[Records for this exercise]

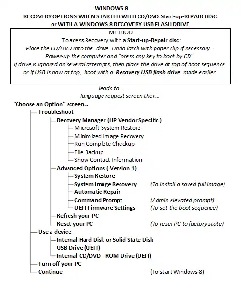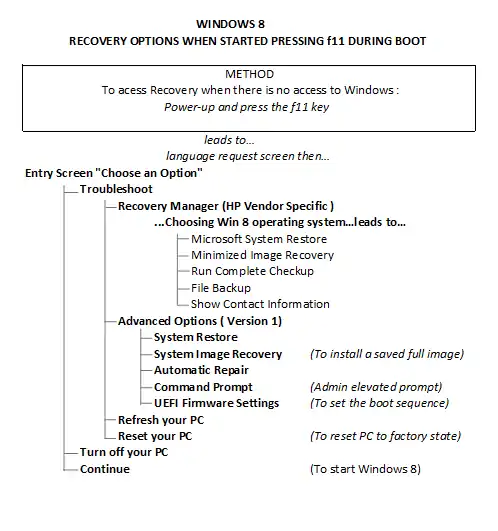 - The third drop-box's layout, Specific Recovery Options for Windows 8 takes the same approach as for that of Windows 7. In fact there are more methods shown than for Windows 7. and the three listings here are also in tree format. Notice the change to f11 for the key boot-up, but see the notes in the section below for the use of f8. If laptop viewing of such detail becomes difficult, just click the box contents to view the images in full scale. Use f8 starts in Windows 8.
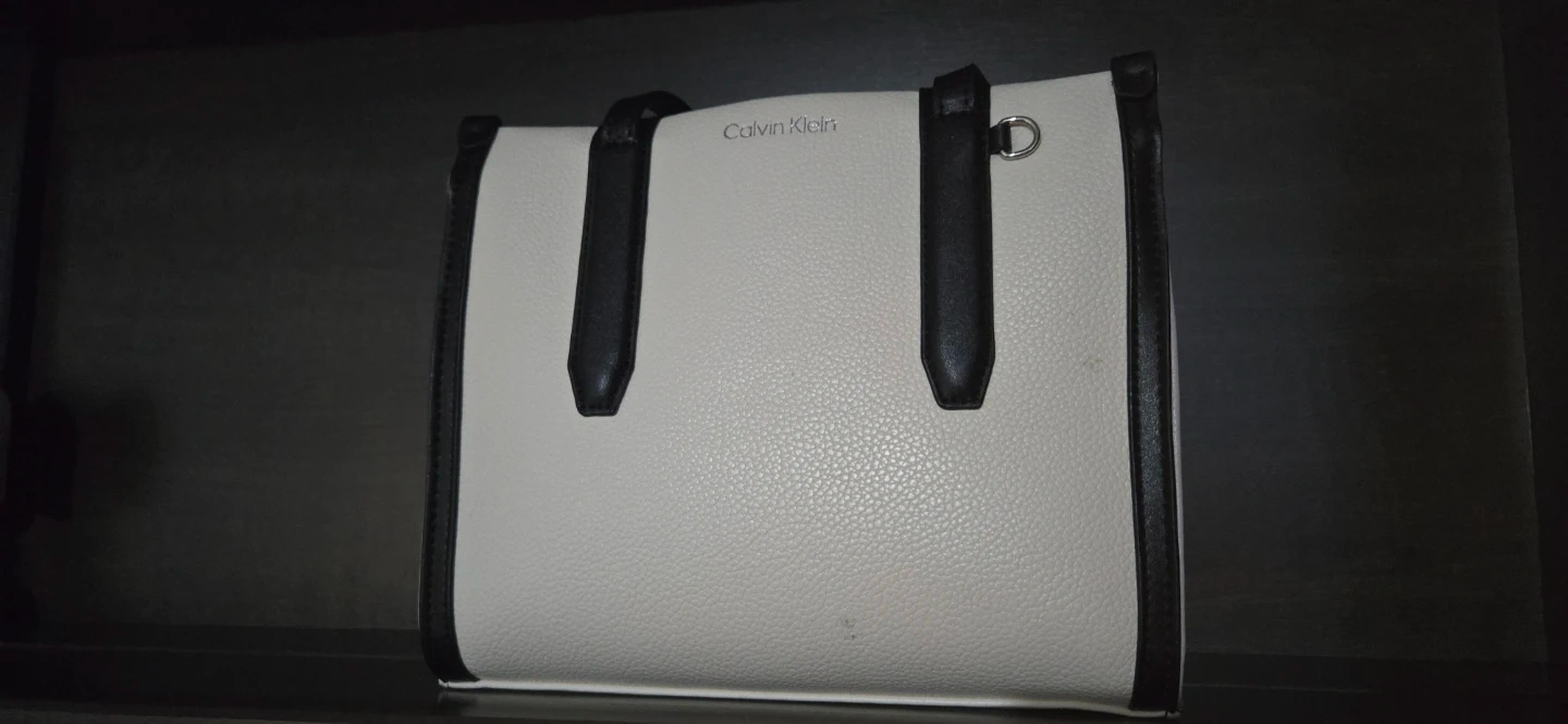 This Calvin Klein purse is white with black trim and handles. It features a zippered main compartment and a structured design. It's a stylish accessory for everyday use.
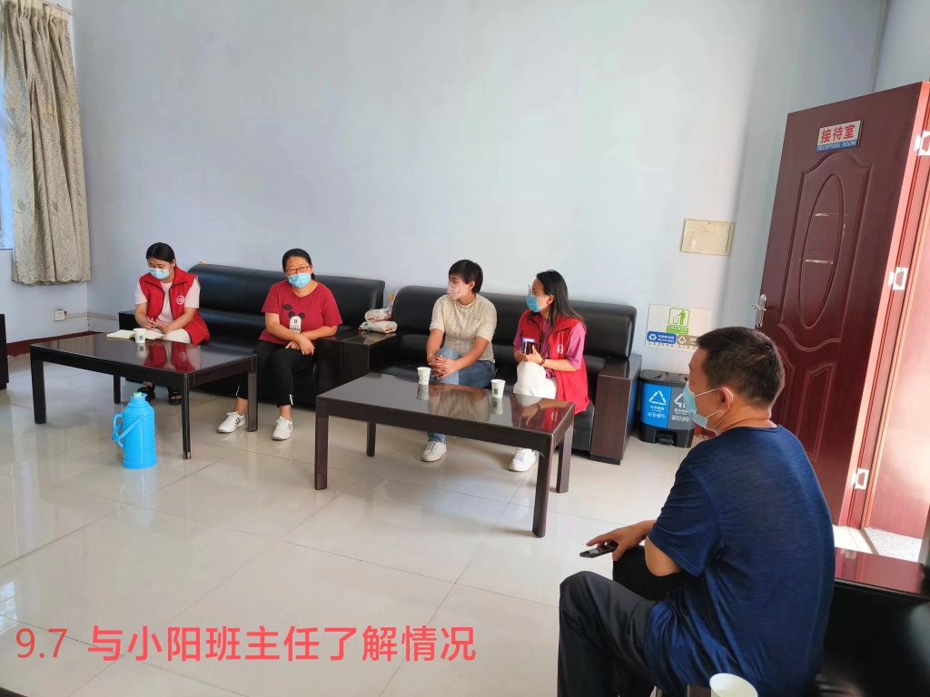 访谈结束后,社工根据小阳的实际情况与心理学会老师进行了沟通请教,并与小阳班主任取得联系,于9月7号与手拉手里辛帮扶团团长入户、入校对小阳的基本情况及在校期间的表现、与同学的相处情况进行了解,争取通过多方面努力尽快引导小阳丢掉心理包袱,开心学习。
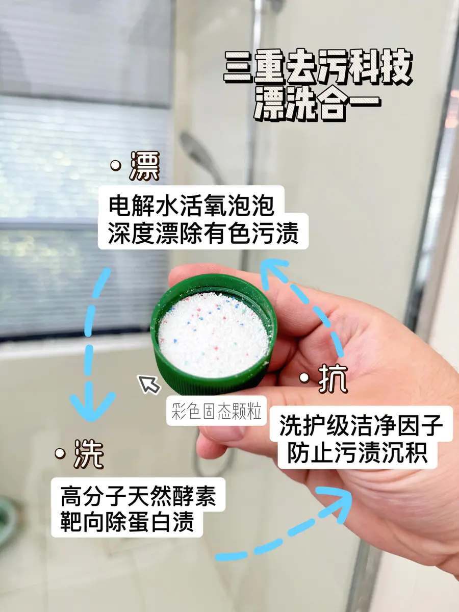 这一瓶就等于爆炸盐+洗衣液的结合体👍🏻 污渍多的可以单独泡开,日常养护衣服的直接倒进洗衣机机洗都是ok的❗
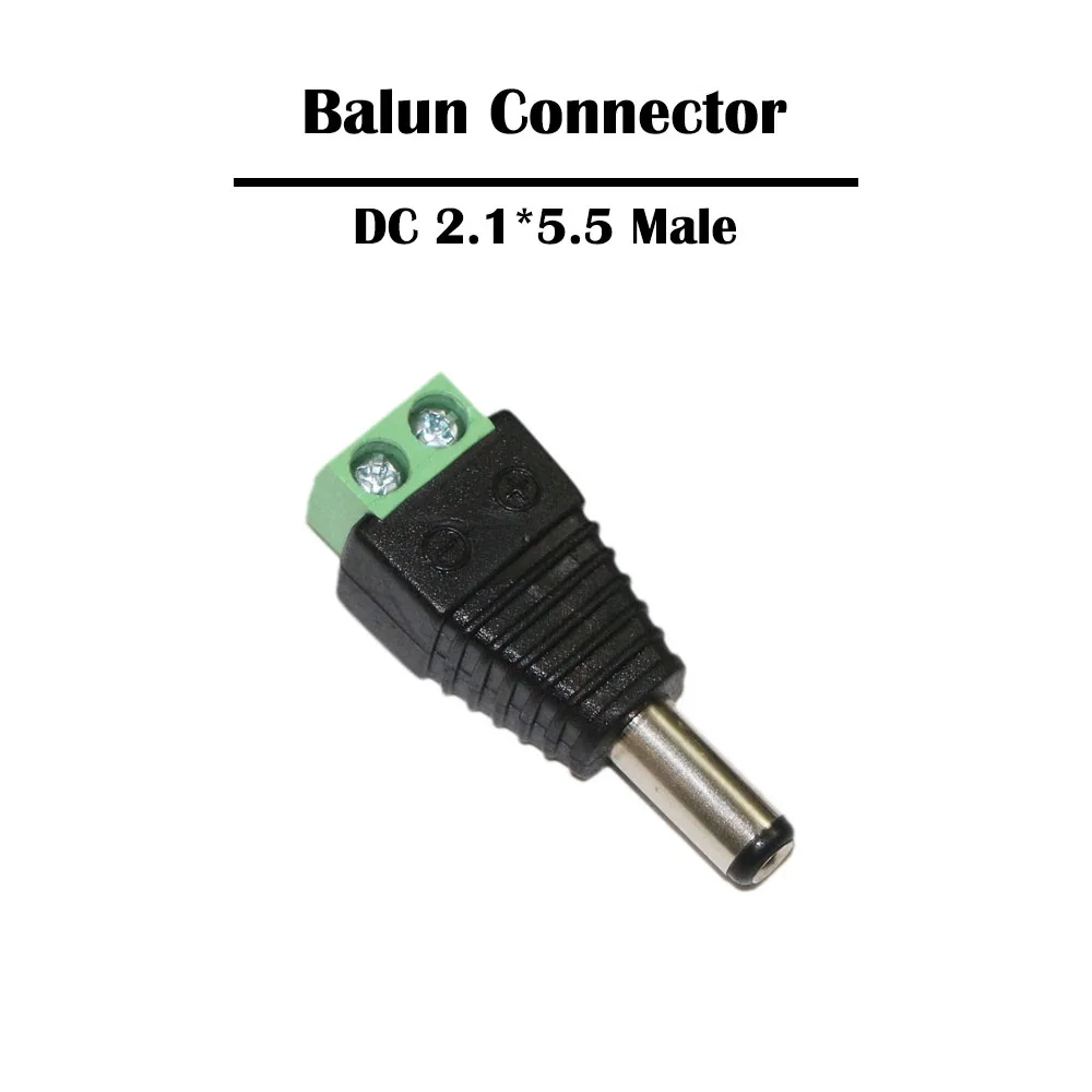 Это 2,1x5,5 мм Мощность разъем имеет одну Мощность разъема Вилка папа для постоянного тока на другой конец терминал для камеры видеонаблюдения.
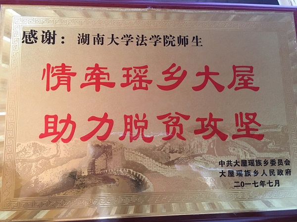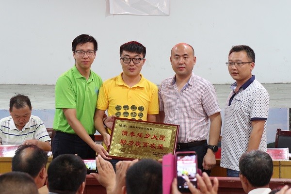 赠送“情牵瑶乡大屋,助力脱贫攻坚”的感谢牌,表达乡党委和政府对 海角社区
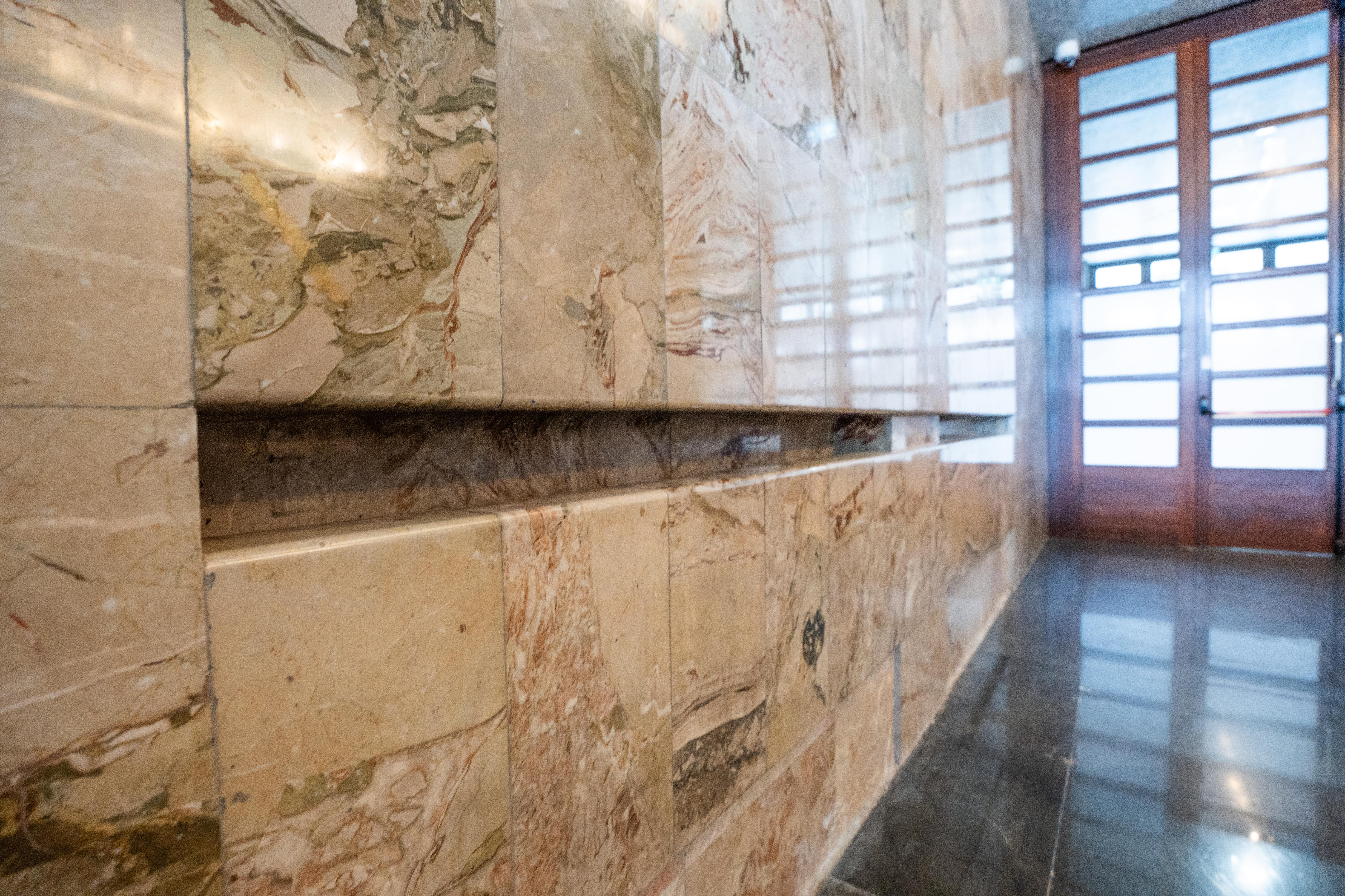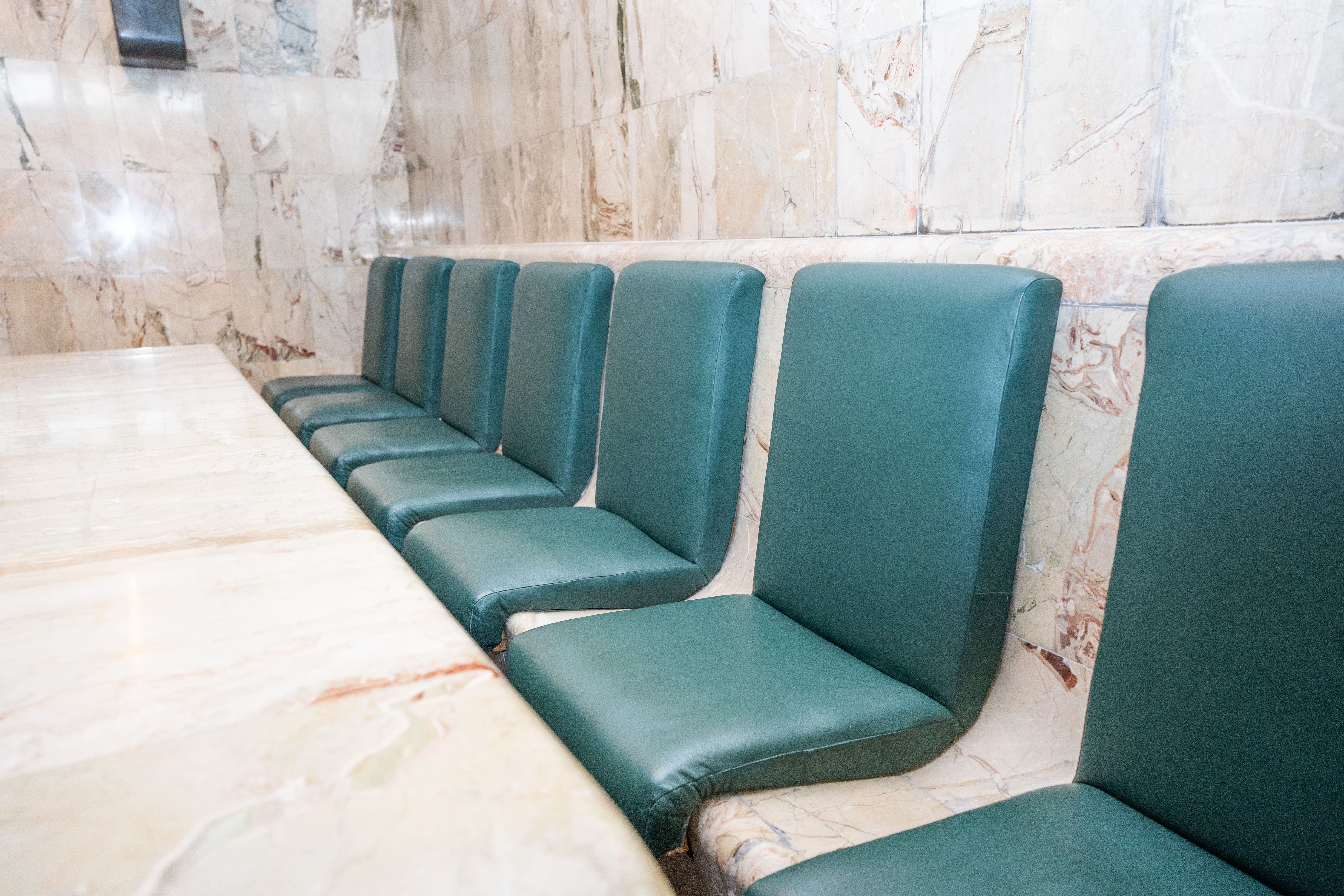 Peraluman aluminum, to the refined lighting fixtures. The seating in the waiting room is covered in
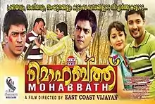 Mohabbath is a 2011 Malayalam–language musical romance film directed and produced by East Coast Vijayan. It stars Meera Jasmine, Munna and Anand Michael in the lead roles. Written by Siddique Shameer based on his own novel Kalippavakal, the film features music by S. Balakrishnan, who makes his comeback through this film. Renowned singer Hariharan appears as himself in a song sequence while Roma does a cameo role.

[/Records for this exercise]

Aim of the exercise »
From the first line to the last, copy the records above exactly and drop any pictures.

Answer to the exercise »
 - The third drop-box's layout, Specific Recovery Options for Windows 8 takes the same approach as for that of Windows 7. In fact there are more methods shown than for Windows 7. and the three listings here are also in tree format. Notice the change to f11 for the key boot-up, but see the notes in the section below for the use of f8. If laptop viewing of such detail becomes difficult, just click the box contents to view the images in full scale. Use f8 starts in Windows 8.
 This Calvin Klein purse is white with black trim and handles. It features a zippered main compartment and a structured design. It's a stylish accessory for everyday use.
 访谈结束后,社工根据小阳的实际情况与心理学会老师进行了沟通请教,并与小阳班主任取得联系,于9月7号与手拉手里辛帮扶团团长入户、入校对小阳的基本情况及在校期间的表现、与同学的相处情况进行了解,争取通过多方面努力尽快引导小阳丢掉心理包袱,开心学习。
 这一瓶就等于爆炸盐+洗衣液的结合体👍🏻 污渍多的可以单独泡开,日常养护衣服的直接倒进洗衣机机洗都是ok的❗
 Это 2,1x5,5 мм Мощность разъем имеет одну Мощность разъема Вилка папа для постоянного тока на другой конец терминал для камеры видеонаблюдения.
 赠送“情牵瑶乡大屋,助力脱贫攻坚”的感谢牌,表达乡党委和政府对 海角社区
 Peraluman aluminum, to the refined lighting fixtures. The seating in the waiting room is covered in
 Mohabbath is a 2011 Malayalam–language musical romance film directed and produced by East Coast Vijayan. It stars Meera Jasmine, Munna and Anand Michael in the lead roles. Written by Siddique Shameer based on his own novel Kalippavakal, the film features music by S. Balakrishnan, who makes his comeback through this film. Renowned singer Hariharan appears as himself in a song sequence while Roma does a cameo role.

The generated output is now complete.